Molting, changes in the light and hormones can all cause your lizard to stop eating or to eat much less than usual. Molting occurs once or twice a year, depending on the species. Your lizard is likely to go into hiding and avoid food for a few days. If your lighting simulates winter conditions, or if he's in an enclosure where he sees a reduction in daylight, your lizard's appetite may decline. During breeding season, some lizards may not be interested in eating, especially males.

Inadequate Environment

If the temperature drops too much, your lizard may stop eating since his body functions will slow down. Monitor the temperature in his enclosure with a reliable thermometer, and make sure the temperature is within the recommended range for his species. A dirty enclosure, a sparse one where he has no place to hide and feel safe, or overcrowded conditions can also cause your lizard to stop eating.

Stressed Out

Sudden changes can stress your lizard, making him hesitant to eat.
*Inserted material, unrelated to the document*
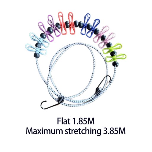 [Wysokiej jakości materiał]: wykonany z wielopasmowej elastycznej gumki o dobrej wytrzymałości na rozciąganie i trwałości; można go rozciągnąć do 12,63 stopy i jest wystarczająco mocny i długi, aby pomieścić wiele ubrań. Przenośny sznur do bielizny idealny do podróży, kempingu, prania, hotelu, łodzi, balkonu, podwórka, suszenia ubrań na zewnątrz i wewnątrz.

Stressful changes include a move from one enclosure to another, addition of another lizard, rearranging items in his enclosure or moving his tank to another location. Make changes slowly if possible, and give your lizard a few days to adjust to the new situation. If you have more than one lizard in an enclosure, observe them to make sure one isn't being kept from the food.

Illness, Infection and Other Problems

Any sort of illness, from a skin condition to kidney problems, can cause your lizard to stop eating. Parasites and external or internal infections may also diminish his appetite. Some lizards are prone to becoming impacted, and unable to produce feces, especially if they aren't getting enough water, which will in turn cause a loss of appetite. A change in diet is usually necessary to relieve the impaction.